IGM indicated that Approved Persons are already under an obligation to document client instructions, which, in particular situations, may include recording discussions regarding fees and charges. IGM was of the view that where such a discussion has taken place but, for whatever reason, is not documented, the Rule, as proposed, will create a presumption that the issue was not covered with the client, whereas in the current situation, the Approved Person would simply be at an evidentiary disadvantage.

MFDA Response

Rule 5.1 requires Members to maintain such books, records and other documents that are necessary for the proper recording of its business transactions and financial affairs (i.e. any record created, used or maintained as part of Member business). As a result, this requirement is not limited to accounting records but would include client files, communications with clients and records of trade orders and client instructions (which would include the evidence of disclosure requirements contemplated under the Proposed Amendments).

The Proposed Amendments do not create any new presumptions against the Member or its Approved Persons. Rule 5.1(b) currently requires Members to keep an adequate record of each order and of any other instruction given or received for the purchase or sale of securities. In the absence of such a record (i.e. client notes), Approved Persons would presently leave themselves open to allegations of having engaged in unauthorized or inappropriate trading, without any documentary proof to substantiate a contrary position. The disadvantage created by this failure to comply with existing MFDA requirements is not impacted by the Proposed Amendments.

Costs

IFIC and Desjardins expressed the view that the Proposed Amendments will generate significant costs by requiring dealers to develop new forms and systems to store information and track and monitor compliance, as well as requiring additional compliance resources. Desjardins noted that, given the potential for generating trivial complaints if the Proposed Amendments become effective, dealers will be compelled to expend significant resources both in monitoring Approved Person compliance and developing information systems in order to generate the most precise estimates of fees.

MFDA Response

The Proposed Amendments codify and standardize existing industry practice and provide flexibility as to how clients can be made aware of the required information. As noted, the disclosure requirements of the Proposed Amendments may be satisfied either through the provision of a document or by having a discussion with the client. For the purpose of complying with the recording keeping requirements of proposed 5.1(b)(iv), Members may use the current methods that they employ to evidence client orders and instructions for example, maintaining detailed notes to file, taping telephone conversations or maintaining copies of client acknowledgements prior to the acceptance of the client order. Members may augment their existing compliance control environments by making back office changes; however, staff notes that achieving such compliance controls through a manual process would also be acceptable.

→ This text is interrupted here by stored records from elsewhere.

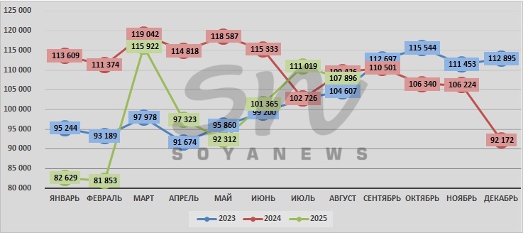 За 8 месяцев 2025 года по сравнению с аналогичным периодом 2024 года производство данного продукта в России сократилось на 12,7%.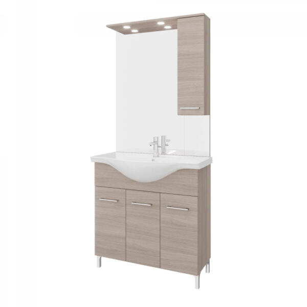 Rubino 85cm-es három ajtós fürdőszobaszekrény polccal füstölt tölgy + mosdó Rubino 85cm-es három ajtós fürdőszobaszekrény polccal füstölt tölgy + mosdó Krómozott állítható lábakkal, beépített kerámia mosdóval, csillapított záródású ajtókkal, krómozott ABS fogantyúkkal. Tükör LED lámpával, nyitható szekrénnyel. A csapot nem tartalmazza a szett! Méretek: Sz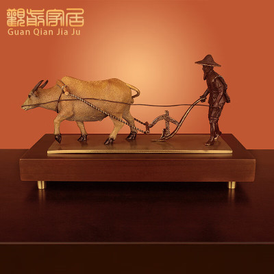 《春耕丰收》铜牛耕牛摆件玄关电视柜家居饰品办公室桌面工艺礼品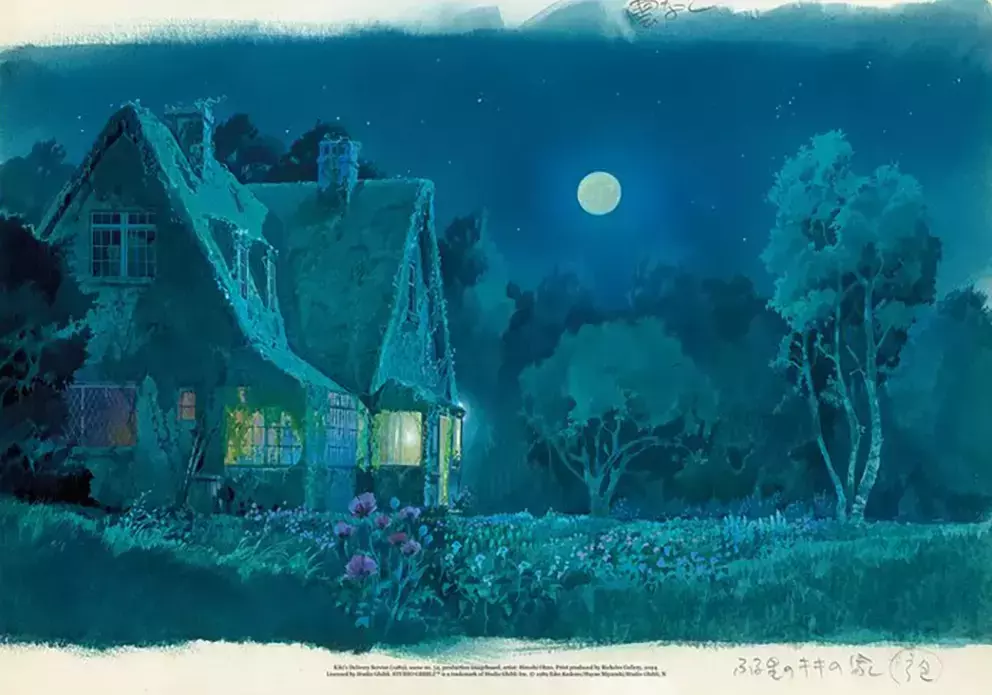 These beautiful images are high-quality posters made by Riekeles Gallery of Hiroshi Ohno’s production imageboards for Hayao Miyazaki’s animated feature Kiki’s Delivery Service (1989).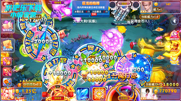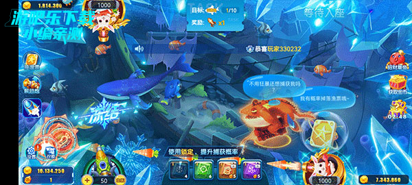 5、要注意超级boss出没,击杀boss后会得到boss提供的专属清场技能,大面积的捕捉鱼群,获得额外奖励。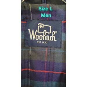 Woolrich Men's Navy Blue Snap Front Jacket Long Sleeve Elbow Patches Size LThis item is pre-owned in Good Condition with no holes, but has some light signs of wear to it. Light wash wear, light small very light stain. For Best Description Please See All Photos Closely Before Purchasing.. If you have any questions about an item or require additional information, please contact me prior to purchase.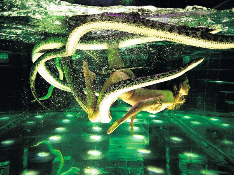 В кабаре применяются нестандартные решения, такие как цирк или подводные представления. В аквариуме, который заменяет сцену, гибкая, грациозная девушка тесно сплетает свое тело со змеями. Действо освещается яркой неоновой подсветкой, выглядит исключительно зрелищно.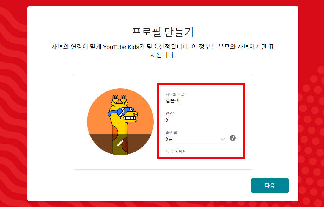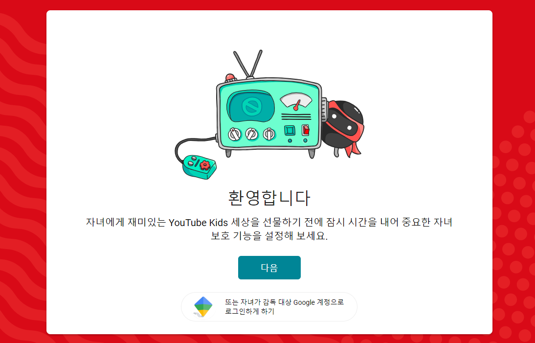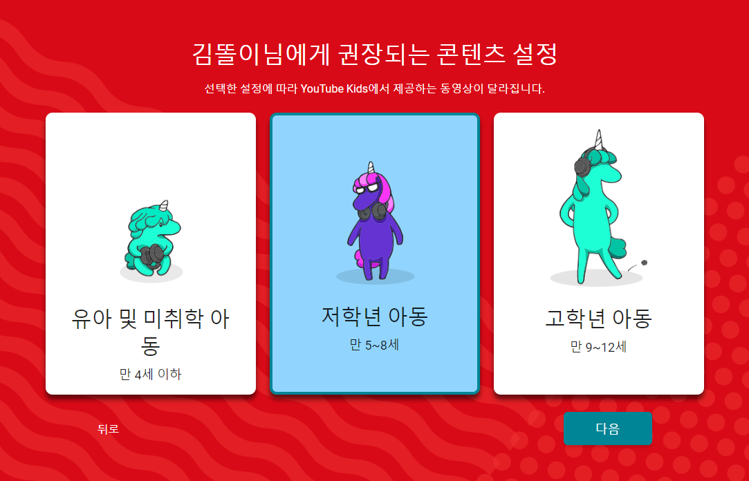 안내사항과 함께 유튜브 키즈 채널 세팅이 곧바로 시작되는데요. '다음'버튼을 눌러줍니다.

Method of Providing Information re: Transaction Fees and Charges

Kenmar, noting that the proposed disclosure may be provided by way of verbal or written communication, recommended, where evidence of disclosure is obtained telephonically and taped, that the investor be advised that the conversation has been taped and will be retained on file. Both Kenmar and FAIR indicated that disclosure should be in plain language, in dollars and cents (to the extent practicable), avoid industry jargon, abbreviations, and acronyms, and be presented in a way that is meaningful to individual investors.

MFDA Response

Members that tape client telephone calls are currently required to provide clients with disclosure of this practice under existing privacy legislation. Members and Approved Persons are expected to provide the disclosure required under the Proposed Amendments in a manner that is clear, not misleading and consistent with its basic objectives, as noted above.